Исследователи сосредоточились на двух средних и двух передних “лицевых участках” и установили, что нейроны средних участков реагируют на лица в зависимости от ракурса. Так, нейрон, который сильнее реагирует на лицо Джека, чем Джилл, когда они показаны анфас, может сильнее реагировать, напротив, на лицо Джилл, когда они показаны в профиль. Особенно интересным явилось наблюдение: клетки одного из передних “лицевых участков” избирательно реагируют на ракурс. Например, некоторые из них активируются при демонстрации лиц в полный профиль (как справа, так и слева), но не в каком-либо промежуточном ракурсе. Фрайвальд и Цао отмечают, что открытие целого “лицевого участка” с такими нейронами позволяет предположить: зеркальные отражения могут играть важную роль в распознавании объектов в целом. Нейроны другого переднего участка, в свою очередь, оказались чувствительными к принадлежности лица независимо от ракурса. Так, нейроны, сильнее реагировавшие на лицо Джека анфас, чем на Джилл анфас, сильнее реагировали на Джека и в профиль.

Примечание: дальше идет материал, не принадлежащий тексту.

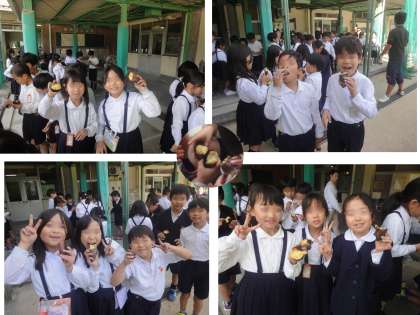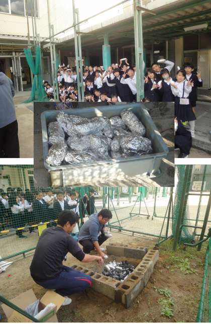 2年生が育てたサツマイモを、給食室前に作られた特設コンロでやきいもにしました。1時間目にアルミホイルにくるまれたサツマイモを、炭火の中に投入。5時間目までじっくり焼きました。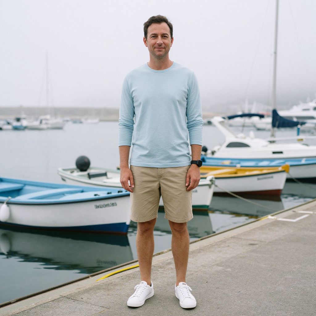 "a man, pastel blue crew neck shirt, khaki shorts, classic white tennis sneakers, soft cotton blend, fresh and casual vibe, foggy morning, quiet harbor, colorful boats lined up, Ilford film stock, relaxed smile, serene atmosphere. Man has masculine face and piercing eyes"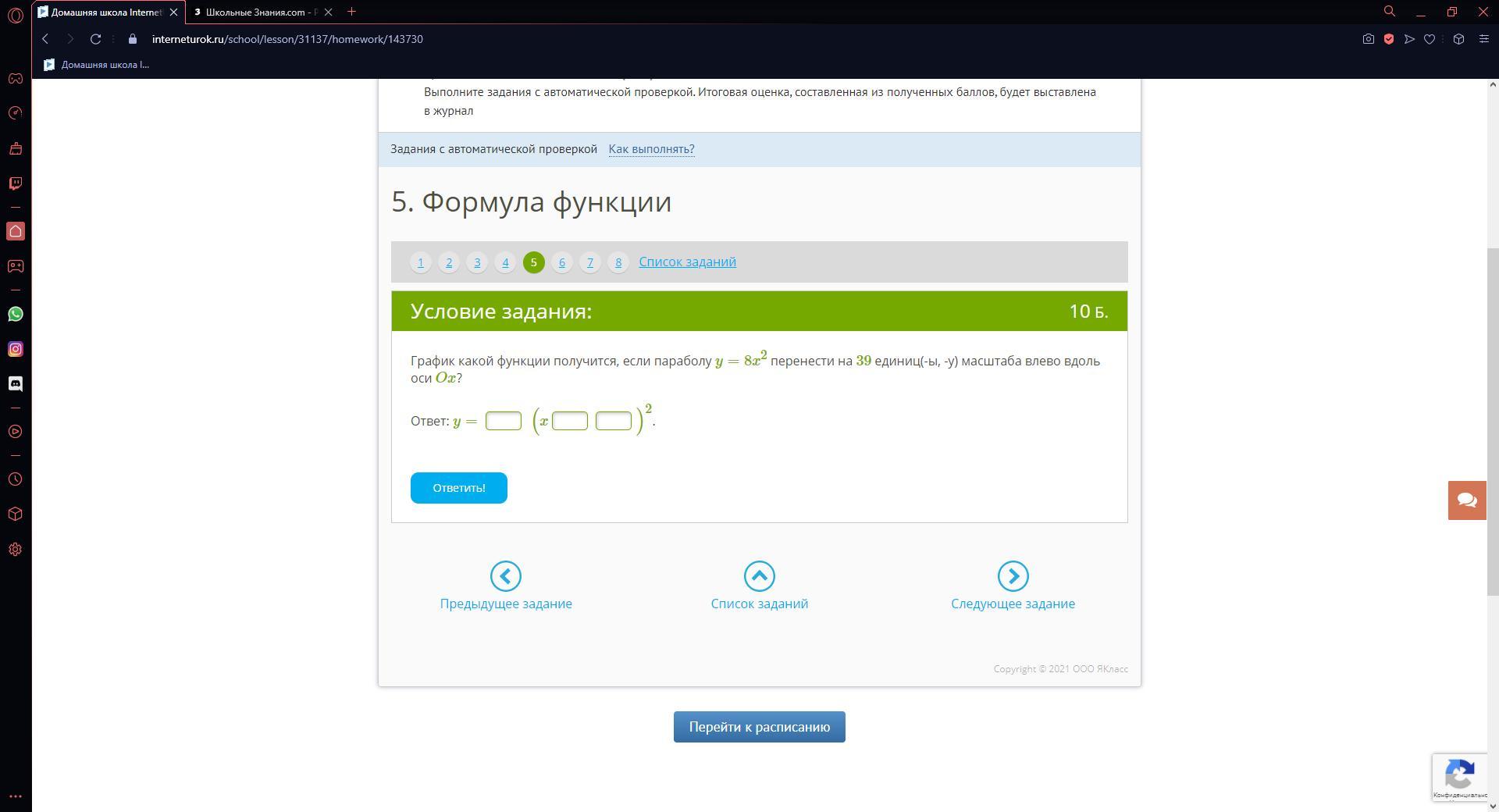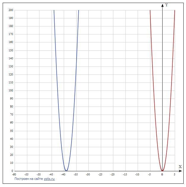 Это будет график точно такой же параболы , только сдвинут на 39 единиц влево по оси ОХ( синий график)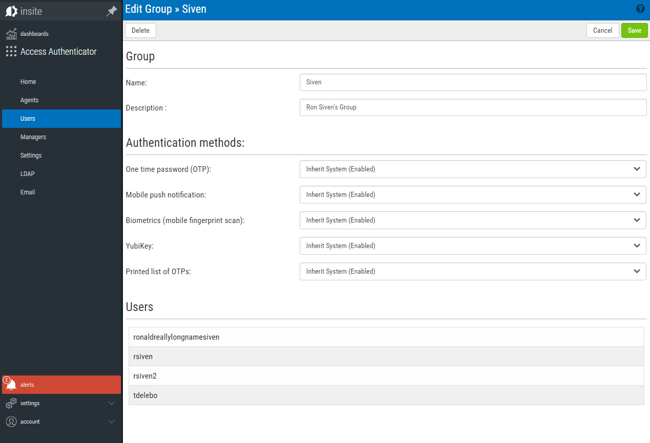 Choose Delete to remove the Group from Access Authenticator. Choose Cancel to dismiss the screen without making changes. Click Save to save the Group's settings and return to the Users screen.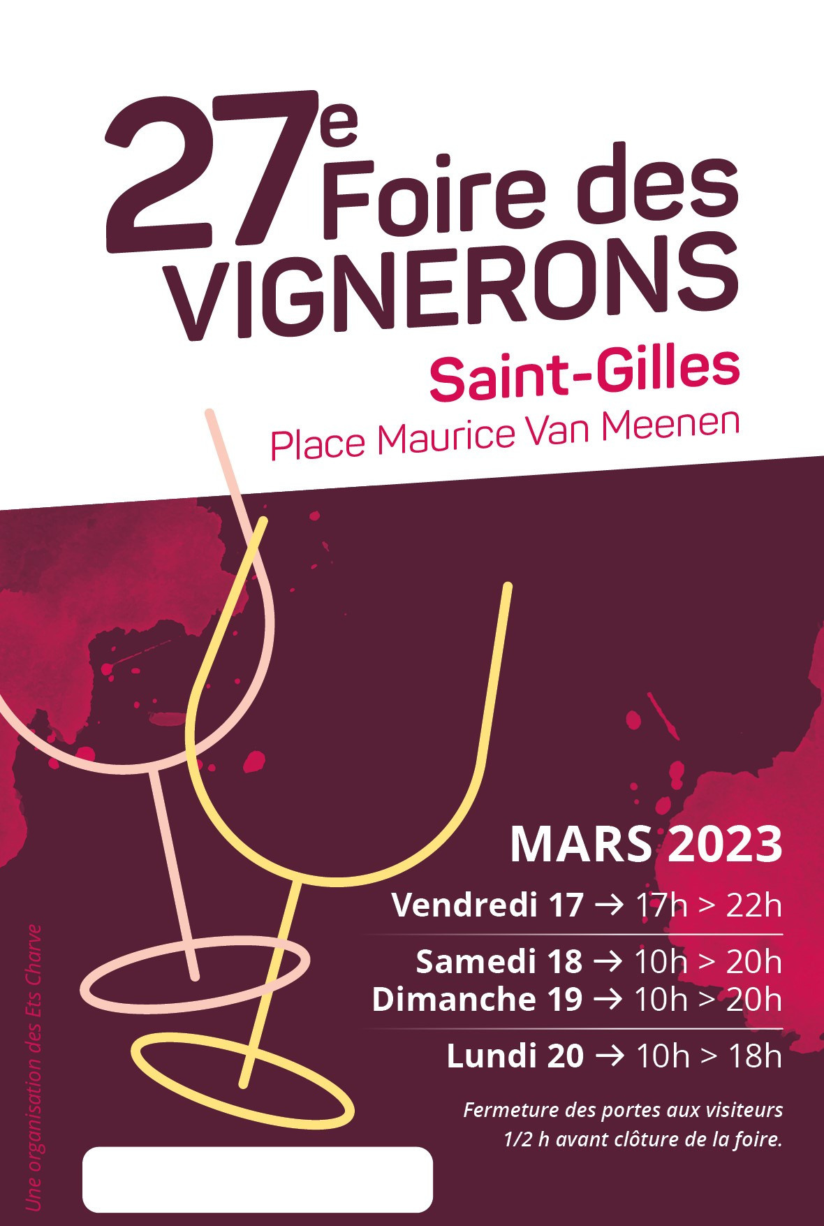 Après 3 années sans le traditionnel salon des Vignerons de St Gilles, nous voilà de retour en Belgique. Nous vous retrouverons à partir de 17h le vendredi 17 Mars jusqu'au lundi 20 Mars place Maurice Van Meenen. Nous vous propserons notre gamme de vins habitulelle avec quelques nouveautés. Si vous souhaitez nous y rendre visite laissez nous vos coordonnées dans la fiche de contact et nous vous enverrons une invitation.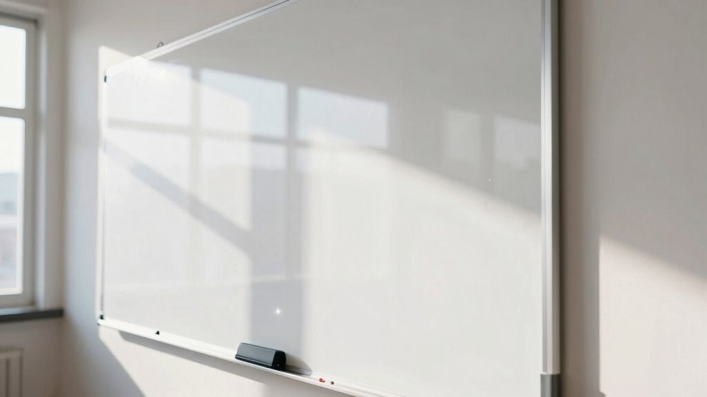 Are you wondering which whiteboard surface can best reduce glare in bright environments? The choice between matte and glossy finishes makes a big difference. Matte surfaces diffuse light, minimizing reflections and reducing glare, making them easier to see in well-lit rooms. Glossy finishes, on the other hand, reflect light directly, increasing glare and hampering visibility. When selecting a whiteboard, consider glare reduction techniques like opting for matte surfaces and using appropriate whiteboard accessories, such as anti-glare covers or filters. These accessories can further diminish reflections and improve clarity. For bright rooms, a matte finish is generally the better choice, especially if you want to avoid distractions caused by glare. Your goal should be a surface that enhances visibility and supports effective communication.

Эти открытия указывают на то, что зрительная информация о ракурсе и принадлежности лиц обрабатывается в ряде “лицевых участков” поэтапно, генерируя в итоге цельный образ лица того или иного человека, не зависящий от изменений, определяемых ракурсом. Нейроны первого из исследованных Фрайвальдом и Цао участков, расположенного сзади остальных, не способны связывать изображения лица одного человека в разных ракурсах, а нейроны следующих участков реагируют на принадлежность лица уже независимо от ракурса. Более того, поскольку обезьянам демонстрировали незнакомые человеческие лица и в случайном порядке, следует признать: не зависящее от ракурса высокоточное распознавание лиц в переднем из “лицевых участков” происходит и без предварительного научения, даже если научение позволяет повышать его эффективность. Фрайвальд и Цао сделали вывод, что и в нашем мозге может работать система, предназначенная для опознавания лиц независимо от ракурса, не требующая предварительного научения.
Поскольку мы встречаем множество людей, интересно узнать, действительно ли отдельные клетки мозга реагируют на лицо конкретного человека. Ответ на этот вопрос дали исследователи, изучавшие активность нейронов средней височной коры – области, связанной с хранением долговременной памяти. Регистрируя активность этих нейронов у пациентов при подготовке к нейрохирургическим операциям, Кристоф Кох и его коллеги из Калифорнийского технологического института обнаружили подгруппу нейронов, реагирующих на изображения конкретных людей. Примечательно, что определенная клетка может при этом реагировать на изображения целого ряда общеизвестных личностей, например Билла Клинтона. Продолжившие исследования в этой области Ицхак Фрид и его коллеги из Калифорнийского университета в Лос-Анджелесе установили, что нейроны средней височной коры гораздо чаще реагируют на изображения лиц людей, с которыми испытуемого связывают личные отношения, чем на изображения лиц людей, с которыми испытуемый не имеет личных контактов. Ученые предположили, что более важные для каждого из нас лица кодируются большей долей нейронов средней височной коры, чем менее важные.
Представление о том, что в мозге имеется особая система распознавания лиц, подтверждается не только данными по нейровизуализации Айны Пьюс и Нэнси Кэнуишер и цитофизиологическими данными Маргарет Ливингстон, Дорис Цао, Винриха Фрайвальда, Кристофа Коха и Ицхака Фрида. Об этом свидетельствуют результаты уже знакомых нам клинических исследований пациентов, в зрительной системе которых повреждены различные отделы проводящего пути “что”. У одного из таких пациентов система распознавания лиц не нарушена, но система распознавания других объектов сильно повреждена. Когда ему демонстрируют картины Арчимбольдо (рис. II–24 ), он видит лица, но не овощи и фрукты. Пациенты, страдающие прозопагнозией и способные опознавать в лицах лица, но не способные различать их принадлежность, даже лучше, чем здоровые люди, замечают лица на перевернутых изображениях, в том числе на перевернутых картинах Арчимбольдо.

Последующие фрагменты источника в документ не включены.